All posts
AI Engineering··9 min read

Choosing a Vector Database in 2026: pgvector, Pinecone, Qdrant, and When Postgres Is Enough

You probably don't need a dedicated vector database. A decision framework for pgvector vs Pinecone/Qdrant, index types, and the scale where Postgres stops being enough.

By

On this page

Every RAG tutorial reaches for a managed vector database in the first ten minutes, and most of them are wrong to do it. I've shipped semantic search and retrieval-augmented generation into production three times now, and in two of those the entire vector layer was a single column in a Postgres database I was already running. The third one genuinely needed Qdrant — and I'll tell you exactly why, because the difference is what this post is about.

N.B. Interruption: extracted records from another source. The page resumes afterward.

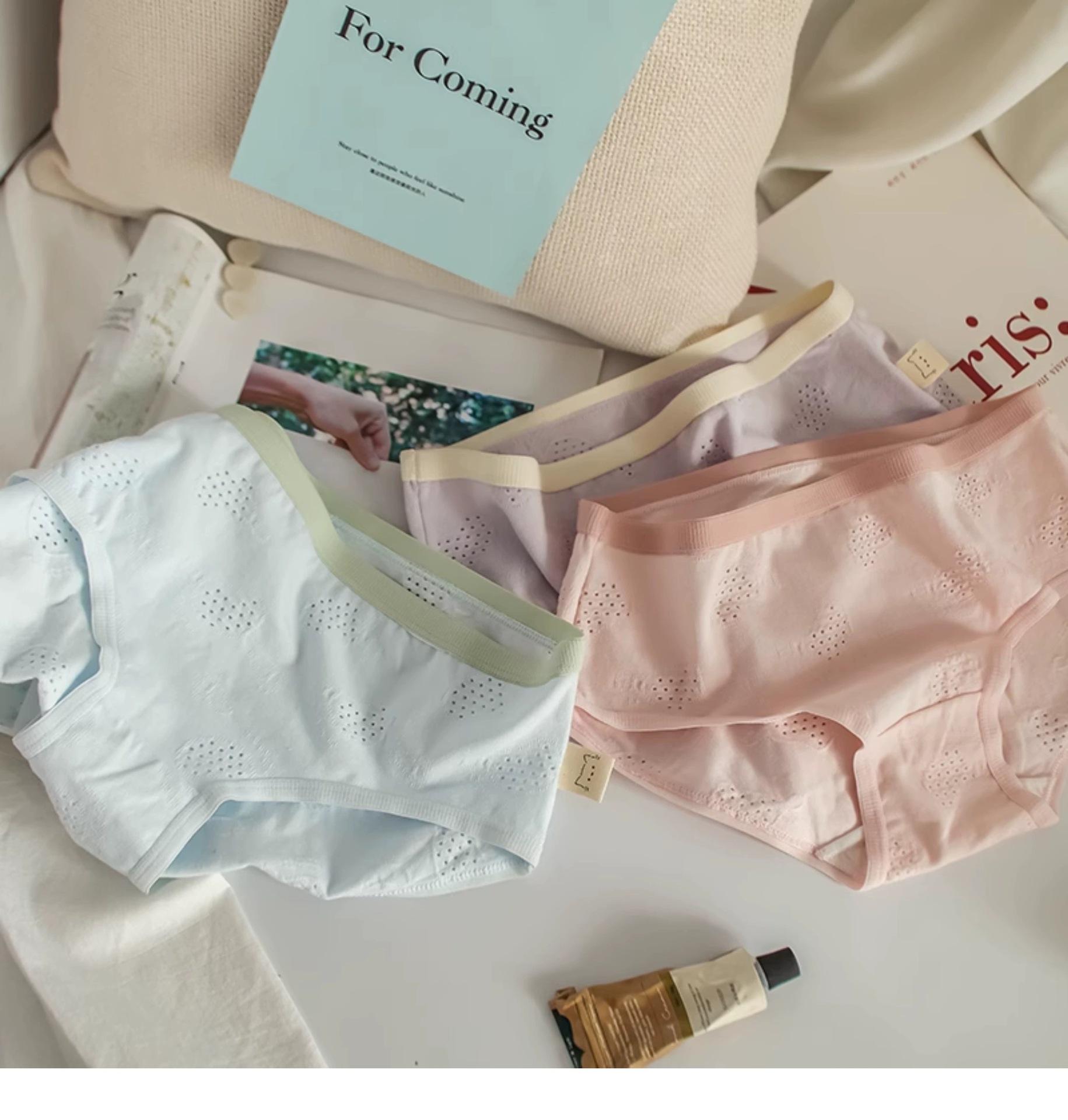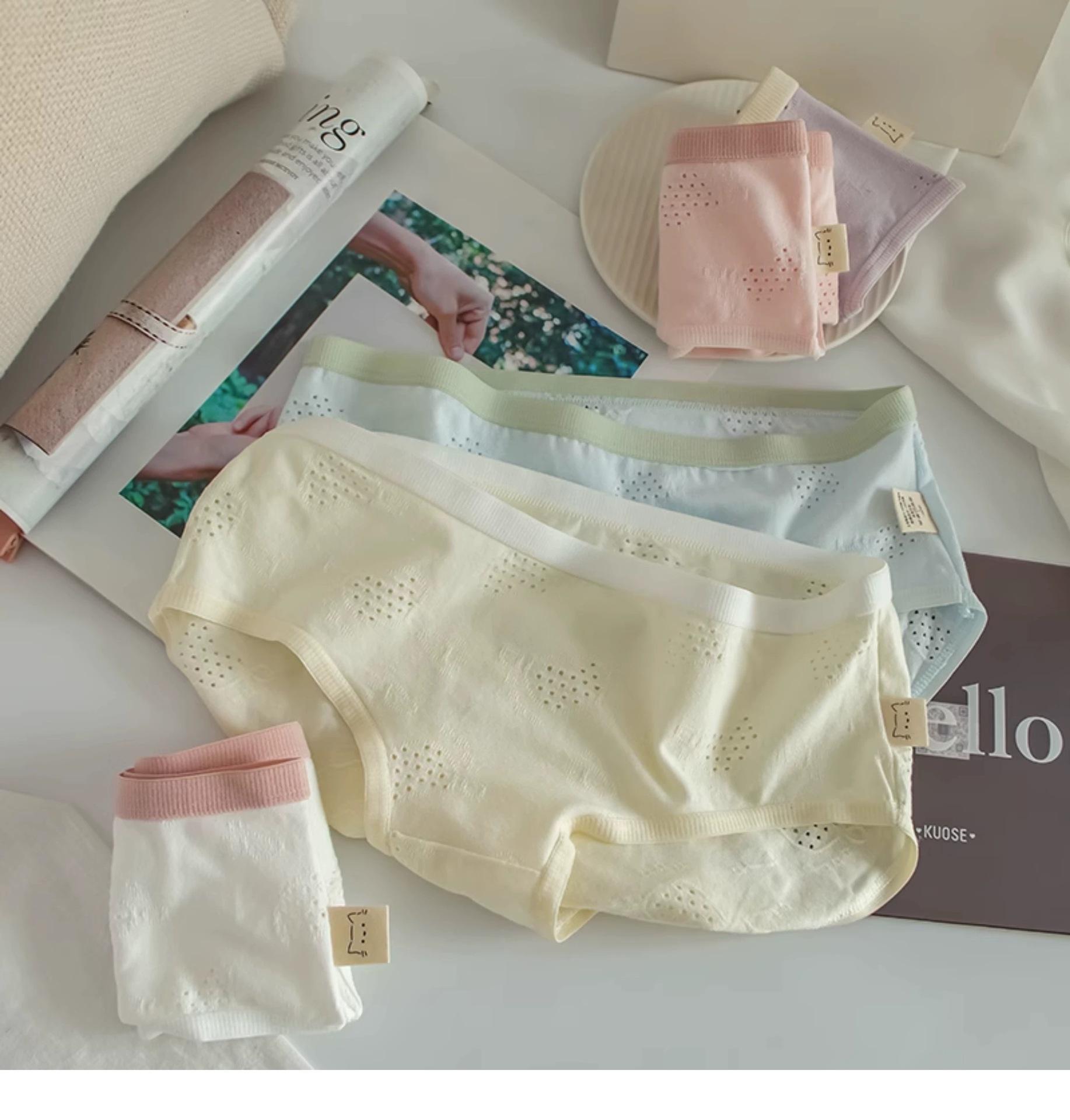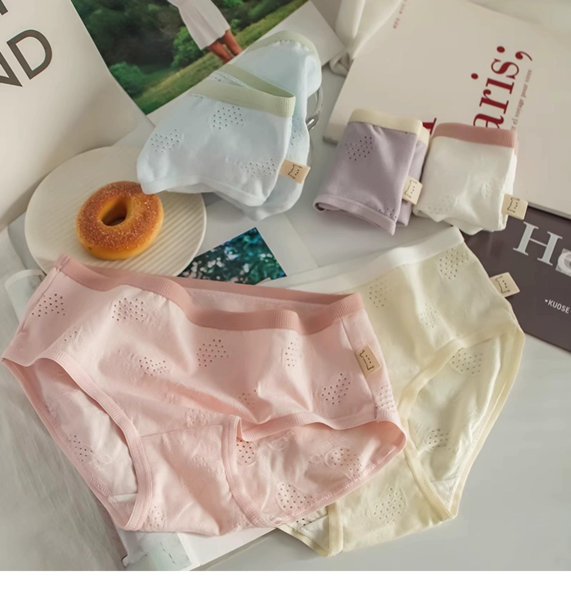 Ropa interior para mujer Clase A Algodón para bebé color crema algodón puro antibacteriano color sólido simple chica japonesa Dulce Hueco estudiante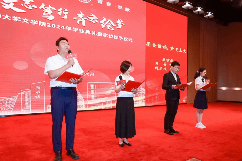 千缕灿金的帽穗在此刻被拨开。衷心祝贺2024届文学院毕业生顺利完成学业。愿你们往后的人生如诗,吟咏崭新的篇章;愿你们的心灵如水天,澄澈而深邃,映照出世间万物的美好与真谛。
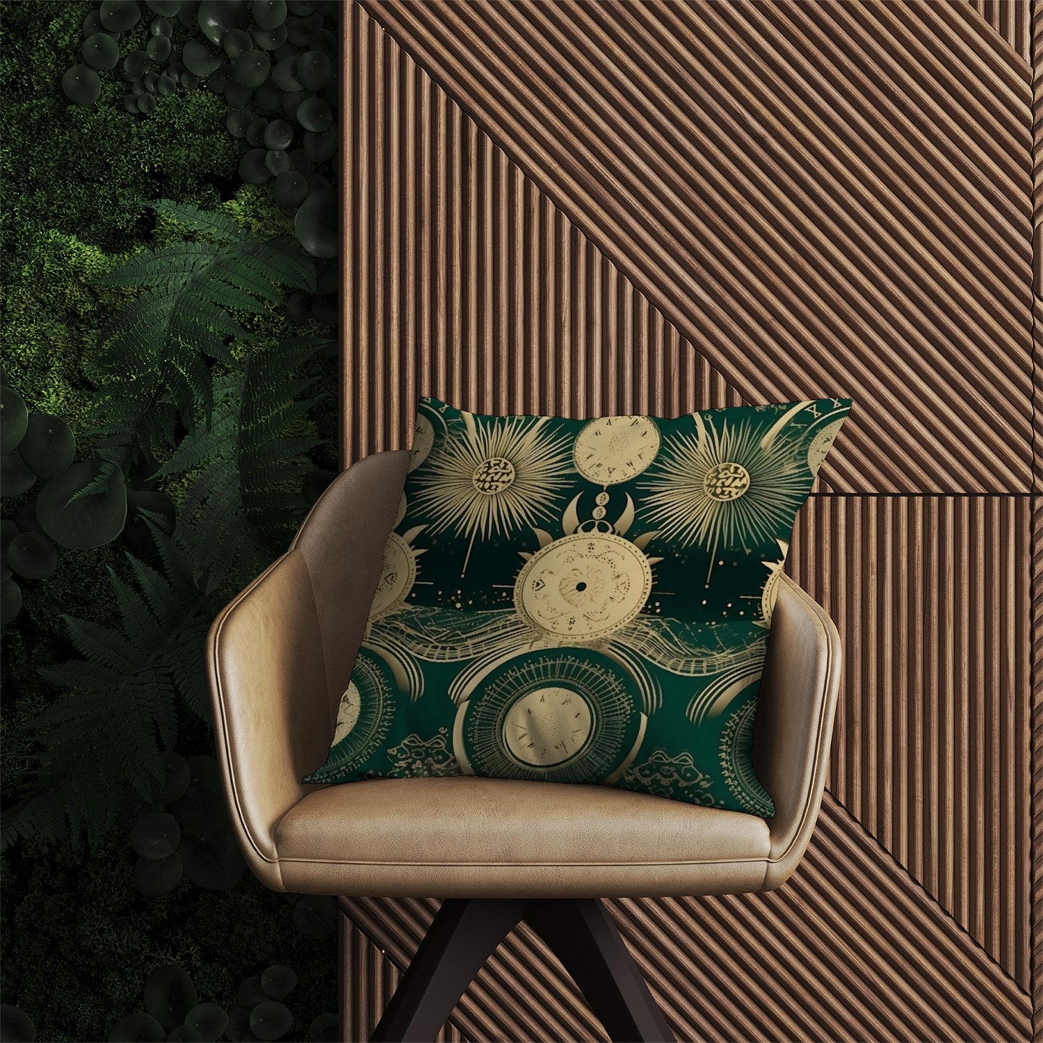 Green Moon and Sun Abstract Pattern Outdoor Cushion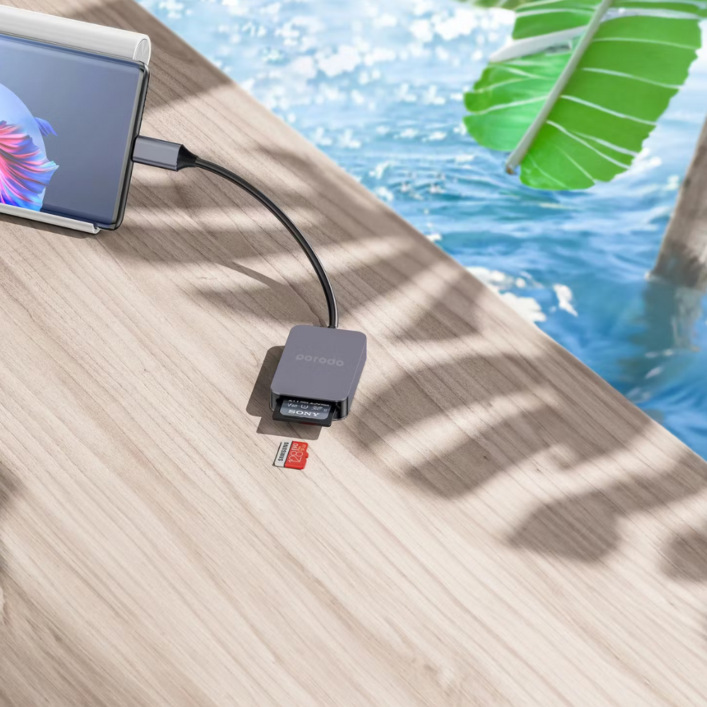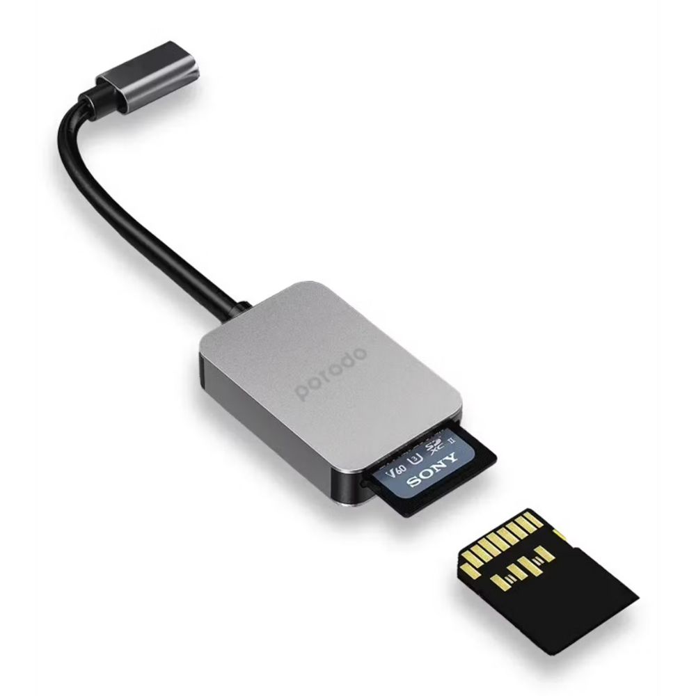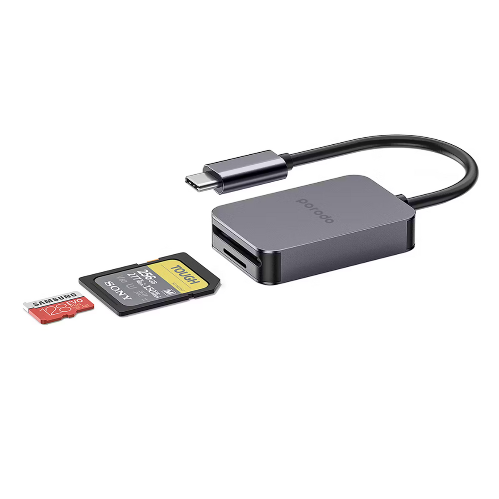 Transfer your photos, videos, and files at high speed with the Porodo 2-in-1 USB-C Card Reader. Designed for modern devices, it features a USB-C input and supports both SD V4.0 and Micro SD V3.0 cards for seamless data access. With ultra-fast 5Gbps transfer speeds, you can move large media files instantly—perfect for photographers, videographers, and content creators. Lightweight and compact, it easily fits in your pocket or bag, making it the ideal tool for quick data handling anywhere you go. Stay productive and keep your workflow smooth whether you're at home, in the studio, or traveling.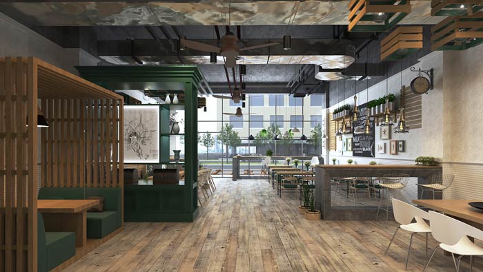 街角的咖啡店色彩設計:縱觀空間可以發現這里的色彩以深綠色、淺黃色為主,這里給人的第一感覺就是一種回憶的顏色,在這里大家回憶著曾經的過往,在這里完成一次心靈的沉淀。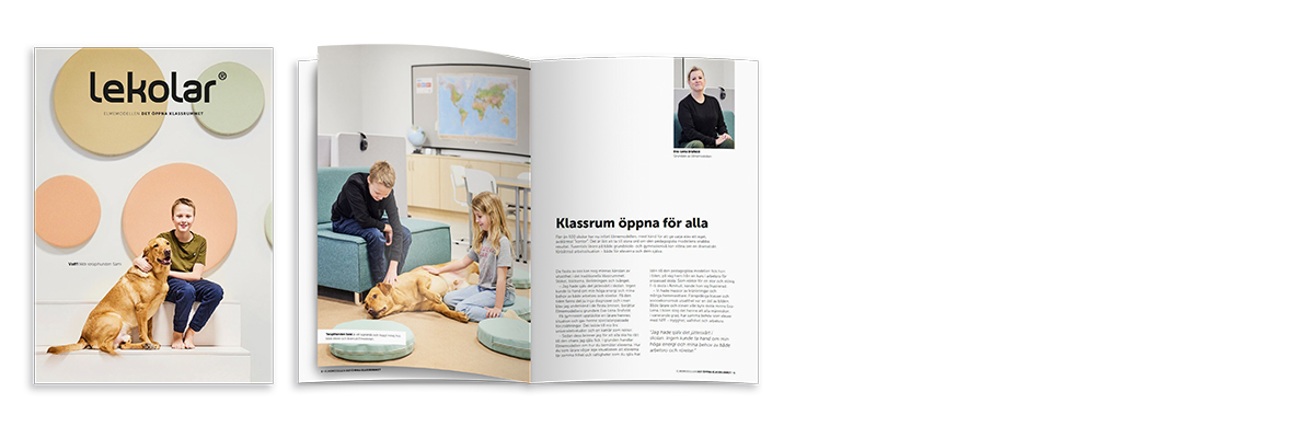 Under 2023 besökte vi Elmeskolan för att intervjua lärare och elever tillsammans med grundaren av Elmemodellen. Vi fick också träffa terapihunden Sami och prata kompensatoriska hjälpmedel med mentorn Julia. Läs mer om besöket i vår folder HÄR eller lyssna på den filmade intervjun. Vill du beställa hem ett fysiskt exemplar av foldern? Vänligen kontakta vår kundtjänst på kundtjanst@lekolar.se.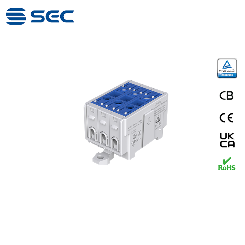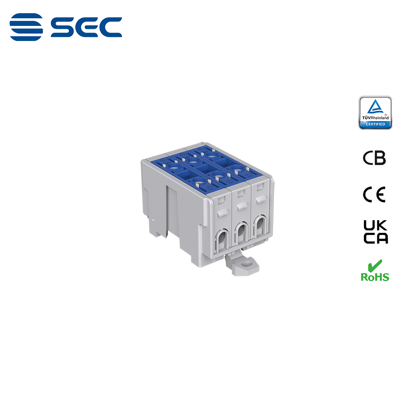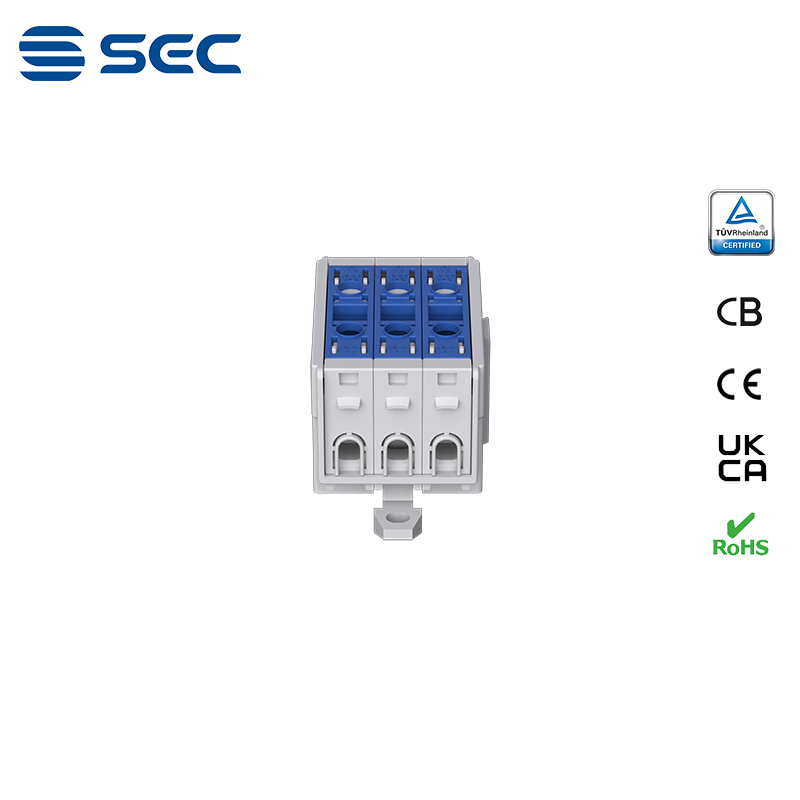 SAT series Al/Cu universal terminal block is totally patent design product by STRONG ELECTRIC, which offers the best quality, safety installation features in the market. All the product already got TUV mark, CB,CE,UKCA, RoHS certificate. It was designed for both copper conductor and Aluminum conductor. The most important is this terminal block are allowed each pieces of product can connect each other easily.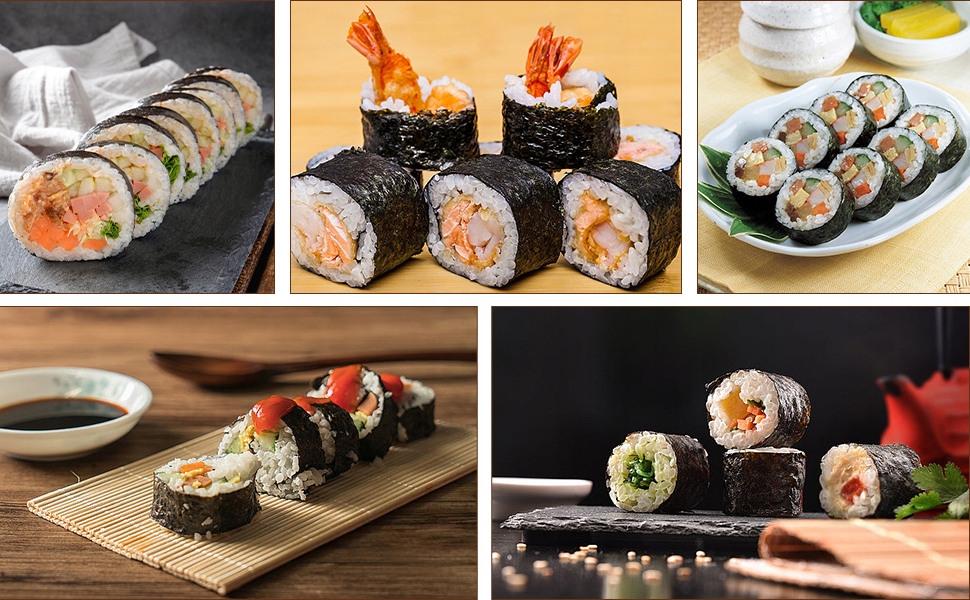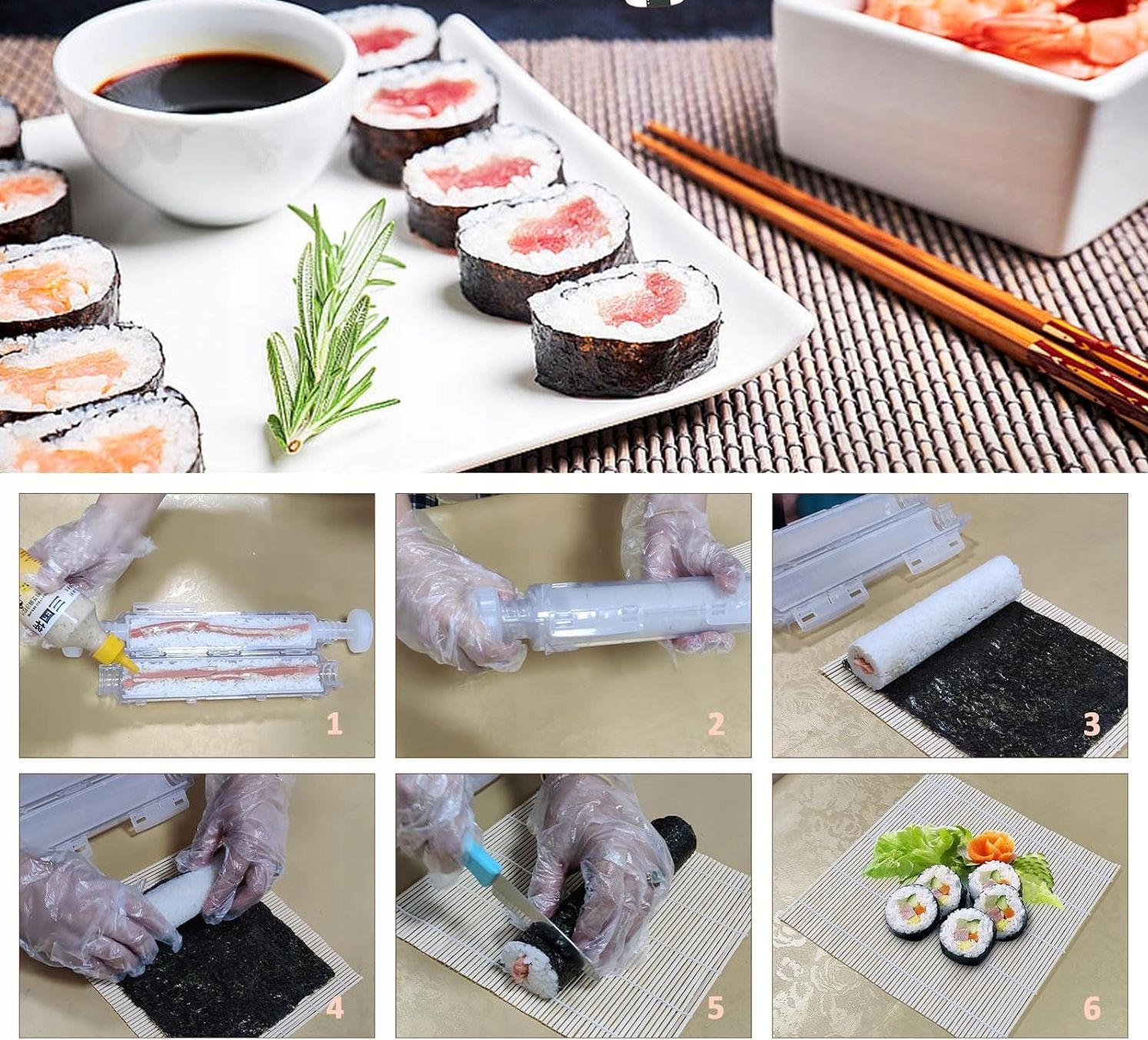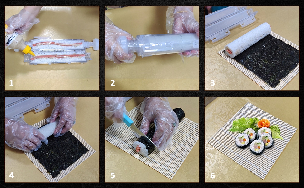 Легкие суши: это сразу же превращает вас в повар суши! Все, что вам нужно сделать, это нанести уксус на суши на внутреннюю часть модели суши, а затем положить рис и любимые суши ингредиенты на вал суши. Затем закройте вал к суши, чтобы заблокировать закрытие, затяните поршень под давлением суши на обоих концах, а затем откройте суши -машину, налейте рисовый шарик на нори (водоросль), используйте бамбуковый коврик, чтобы обернуть рисовый шарик морским водорослем, и у вас есть восхитительный рулет суши! Сэкономьте время и деньги!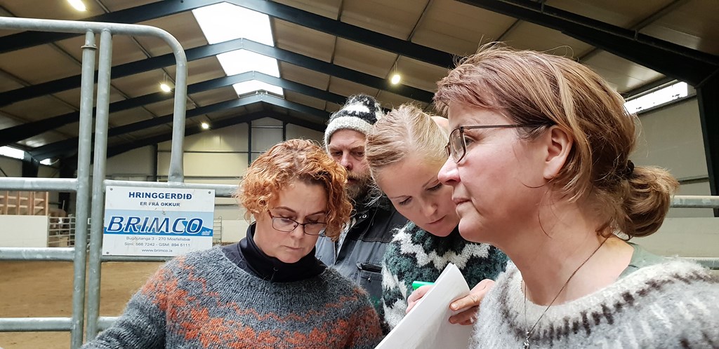 Frá vinstri, Lotta í Hemru. Steinn í Hjarðarbrekku, Kristín á Arngeirsstöðum og Hulda á Tyrfingsstöðum bera saman bækur sínar og fara yfir dómarablaðið.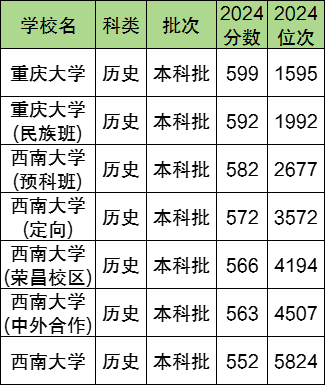 2024年重庆双一流大学历史类最低录取分数线是428分,收分最低的学校是西南大学,最低分552,对应最低位次是5824名。也就是说对于历史类考生来说,高考成绩最低需要高于本科线124分,省排位在5824名以内才有机会上双一流大学。

The default question shouldn't be "which vector database?" It should be "do I need one at all?" For a surprising number of teams the answer is no, and reaching for Pinecone on day one buys you a second datastore to operate, a second consistency problem, and a network hop between your rows and your embeddings — all before you've validated that anyone wants the feature.

The "just use Postgres" default

If you already run Postgres, your starting position is pgvector. It's a Postgres extension that adds a vector type plus approximate-nearest-neighbour indexing, and as of pgvector 0.8.x it supports HNSW and IVFFlat indexes, half-precision (halfvec) storage, binary quantization, and iterative index scans that fix the old filtering problems. It is not a toy. People run it at tens of millions of vectors.

The reason it's the right default is not that it's the fastest — it isn't — it's that it collapses three systems into one. Your relational data, your transactional guarantees, and your embeddings live in the same place. A retrieval query can join vectors against users, documents, tenants, and permissions in one round trip, inside one transaction, with one backup strategy and one access-control model. That single property eliminates an entire class of bugs: the embedding that exists but the row that was deleted, the tenant filter that was enforced in Postgres but not in the vector store, the eventual-consistency window where search returns a document the user just unshared.

Here's the whole setup. Extension, table, index, query.

-- Requires Postgres 14+ and pgvector 0.8.x installed on the host
CREATE EXTENSION IF NOT EXISTS vector;
 
CREATE TABLE documents (
  id          bigint GENERATED ALWAYS AS IDENTITY PRIMARY KEY,
  tenant_id   bigint      NOT NULL,
  title       text        NOT NULL,
  body        text        NOT NULL,
  -- text-embedding-3-small is 1536 dims; store as halfvec to halve memory
  embedding   halfvec(1536) NOT NULL,
  created_at  timestamptz NOT NULL DEFAULT now()
);
 
-- HNSW index for cosine distance. Build params trade build time for recall.
CREATE INDEX ON documents
  USING hnsw (embedding halfvec_cosine_ops)
  WITH (m = 16, ef_construction = 64);
 
-- Helps the planner filter by tenant cheaply alongside the vector scan
CREATE INDEX ON documents (tenant_id);

And the query. Note the metadata filter living right next to the vector search — no application-side join, no second system.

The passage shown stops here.